With every bet there’s a winner and a loser … right?

Sports books are betting hard on acquiring customers in the Phoenix market and the competition is nearly as good, if not better than what you’re seeing on the playing field.

The big players like FanDuel, MGM, DraftKings, and Caesars are all vying for relationships with teams and more importantly, customers. They are literally investing millions of dollars in our market for advertising and sponsorship in order to woo Arizona sports fans to align with their services.

As a consumer, and I’m guessing my age puts me a bit more on the fringe of their target demographic group (M18-34), I’m literally inundated with ads when I watch a game, check my Twitter feed, listen to sports talk radio, or drive more than ⅛ of a mile on the freeway.

It’s an arm’s race … an all out effort to acquire as many customers as possible with mind boggling incentives that make the first time user a sure winner. Why? Well, it’s a loss leader. I’ll let you win this time, knowing that over time you’ll eventually lose more than you win.

Unless, of course, you’re a man between the ages of 18–34 … they never lose at anything. Just ask them.

So, who’s winning? Well, it’s hard to say without access to their individual acquisition and betting metrics. From a marketer’s perspective, it appears to me that FanDuel has a more appealing execution with stronger partnerships, better creative, and a more integrated approach to their campaign.

To be clear, there’s nothing scientific about that assertion beyond my debatably expert opinion and an informal poll of a handful of my peers and students in my sports marketing class at ASU.

DraftKings seems to be more established than other players … their longevity and familiarity have them with what I think is an advantage from a user experience standpoint.

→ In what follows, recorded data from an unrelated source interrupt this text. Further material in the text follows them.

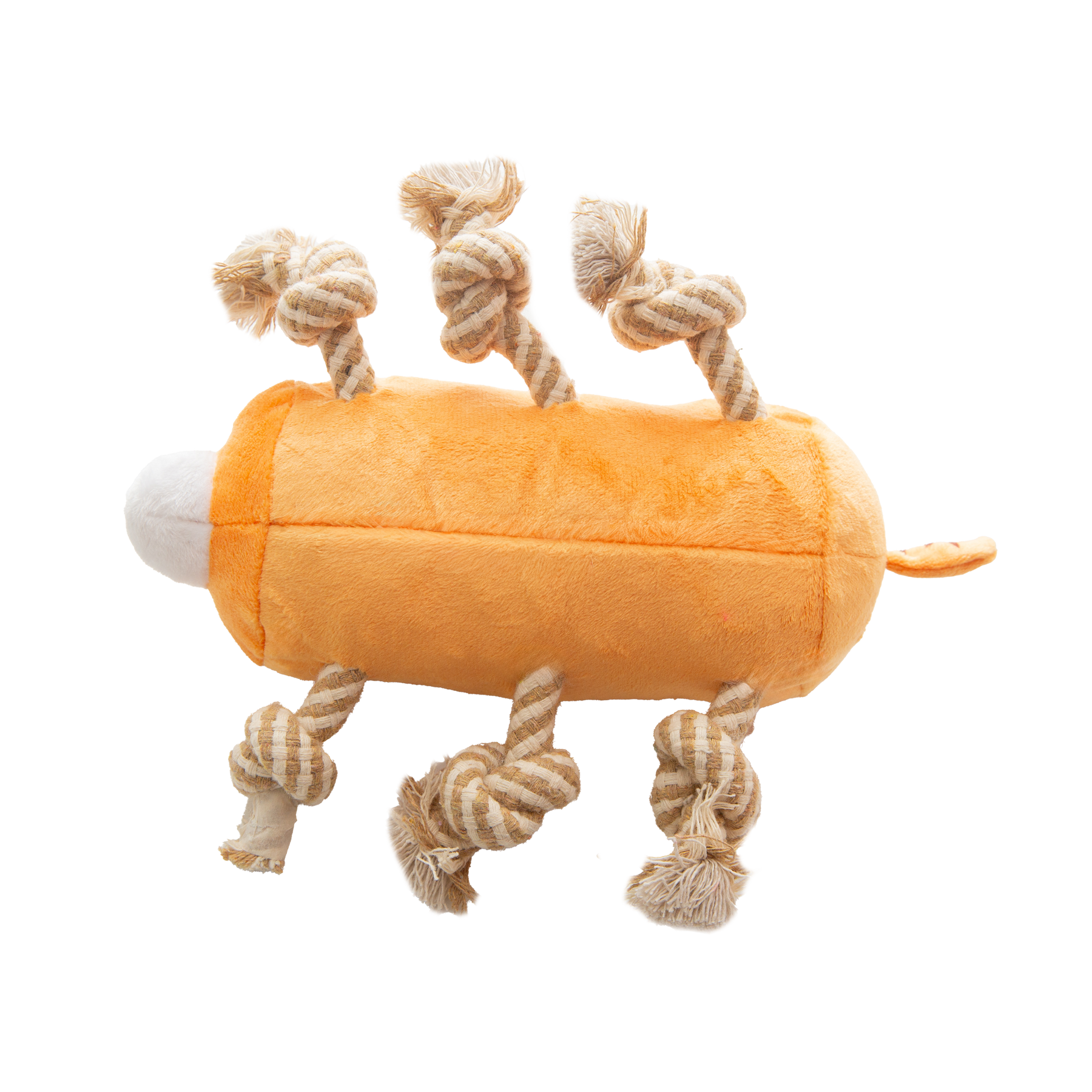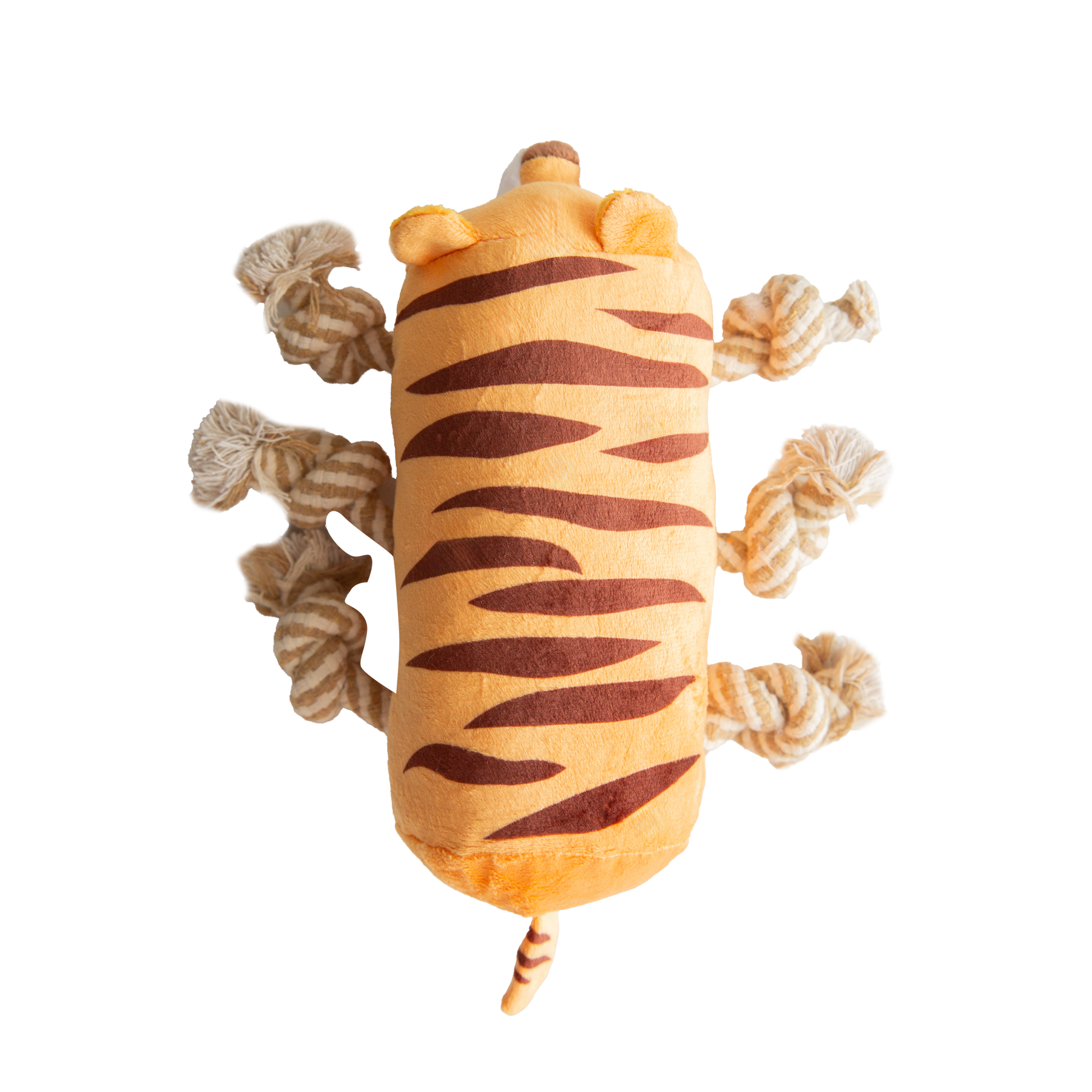 This plush dog toy features a tiger-inspired design with soft striped fabric and embroidered facial details for a playful yet durable finish. The plush body is paired with sturdy rope arms and legs, making it ideal for interactive tugging, tossing, and light chewing. The combination of soft textures and rope elements provides added engagement during playtime.
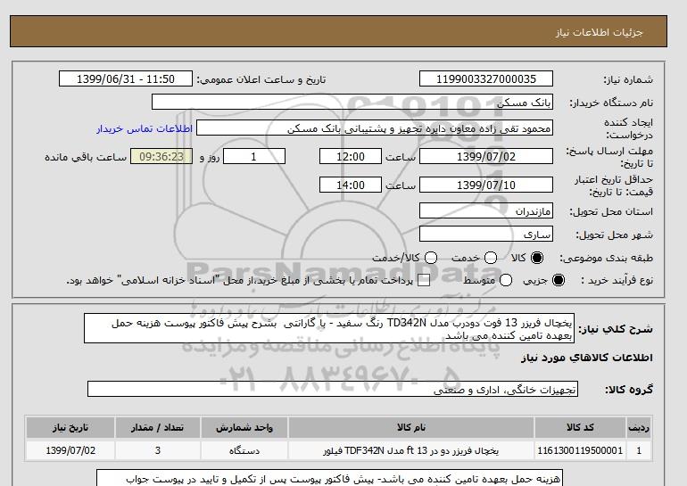 شرح کلی نیاز: یخچال فریزر 13 فوت دودرب مدل TD342N رنگ سفید - با گارانتی بشرح پیش فاکتور پیوست هزینه حمل بعهده تامین کننده می باشد
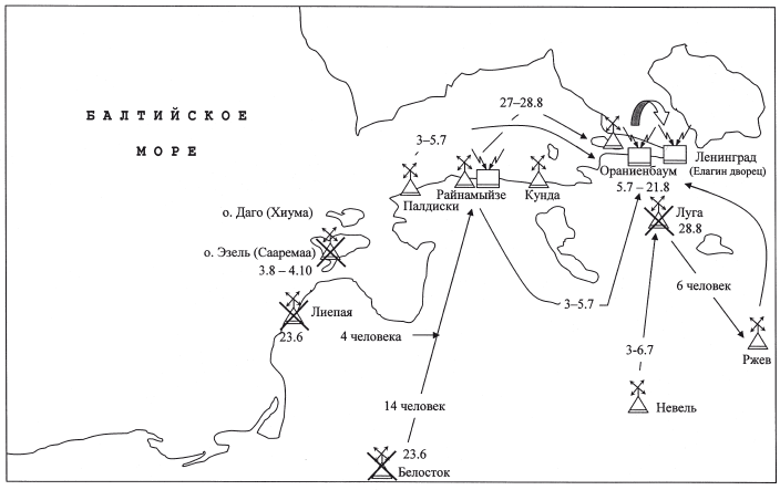 Рис. 12. Изменение дислокации радиоотряда Краснознаменного Балтийского флота. 1941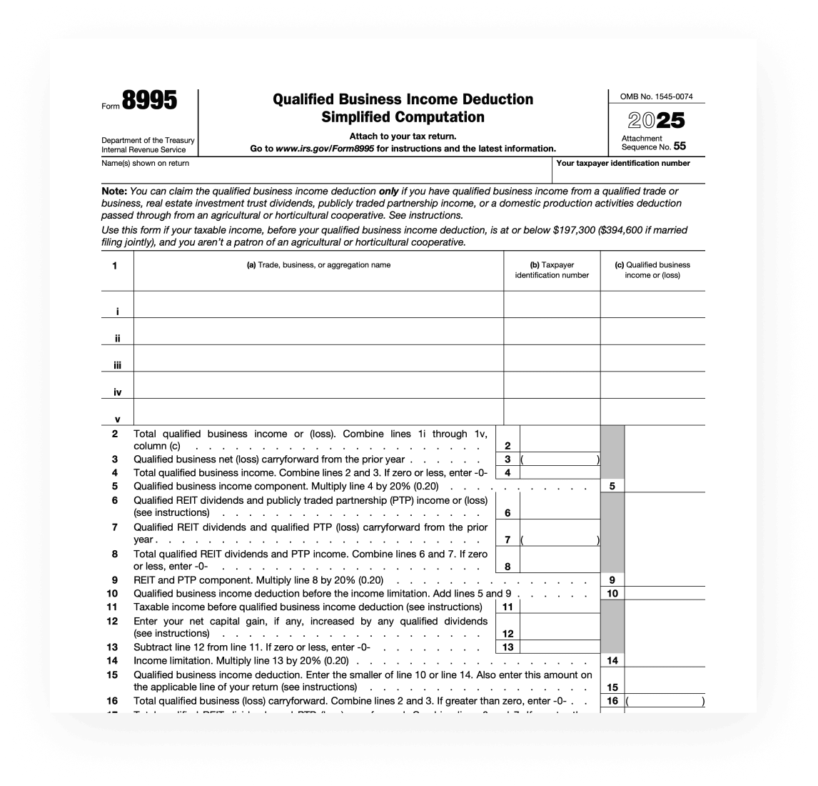 If your business is a sole proprietorship, partnership, limited liability company (LLC), or S corporation, you may qualify for a business income deduction. Form 8995 is required for taxpayers with a taxable income below a certain threshold ($197,300 for single filers and $394,600 for joint filers in 2025), simplifying their QBI deduction calculations. Those with higher incomes or more complex situations may need to use Form 8995-A.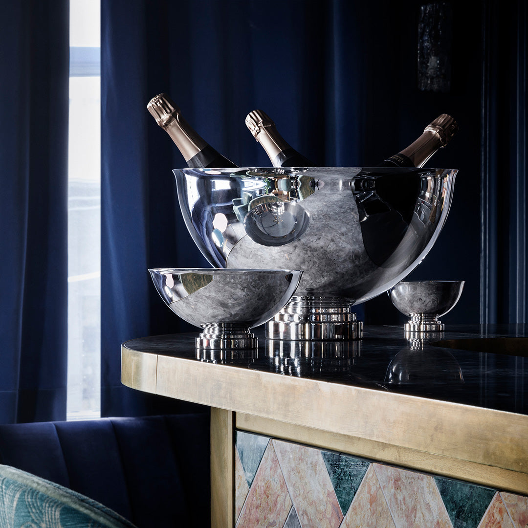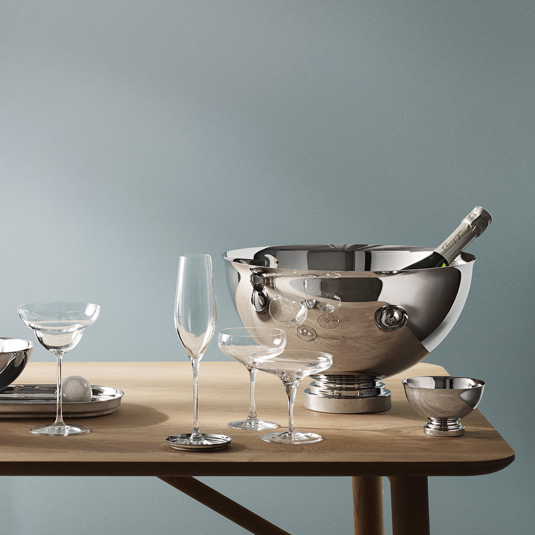 Raise the bar — literally and figuratively — with this striking champagne bowl from Georg Jensen’s Manhattan collection. Inspired by the opulence of Art Deco and the charm of Gatsby-era New York, it channels a time when cocktails were crafted and parties were properly dressed. The silhouette is bold yet refined: sleek, symmetrical curves rendered in mirror-polished stainless steel, elevated on a weighted base that exudes quiet strength. Designed to hold champagne, rosé or white wine over ice, it brings both function and flourish to a well-appointed bar or celebration table.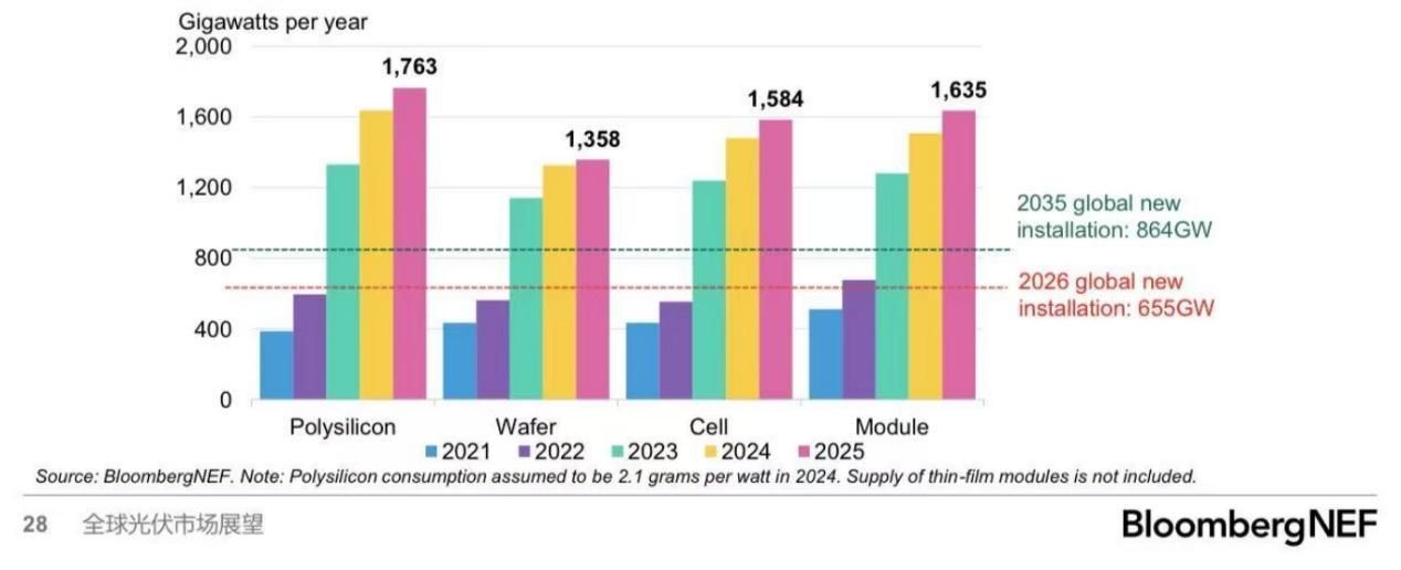 行业数据揭示了这一矛盾的根源。来自彭博新能源的图表显示,当前全球光伏产业链各环节产能已大幅超出2026年新装机需求的预测:其中组件产能过剩最为严重,超出169%,电池片产能也超出142%。

Oddly, they’ve made less noise on the acquisition side of things, but perhaps that’s because they already have relationships with first adapting gamblers who are familiar with their fantasy platform.

I can’t say much about the other players. Candidly, I think they represent established gaming entities that are looking to carve out a share of the pie. Again, I do not have access to their books, but I don’t see MGM or Caesars as paupers in the gaming space. I will wonder out loud if or how legal sports betting will impact an activity that has largely been relegated to Las Vegas. Again, I’m not losing sleep for them nor do I think anyone needs to call a bankruptcy lawyer quite yet.

All that being said, like many of the changes we are seeing these days, I worry about how it will affect the games I love. Particularly the college space that already has a few changes going on already. Like many pundits, I don’t think it will destroy the game or degrade our society. I do see it as a new and lucrative revenue stream that will help perpetuate the enormous amounts of money that sports already has apportioned for itself.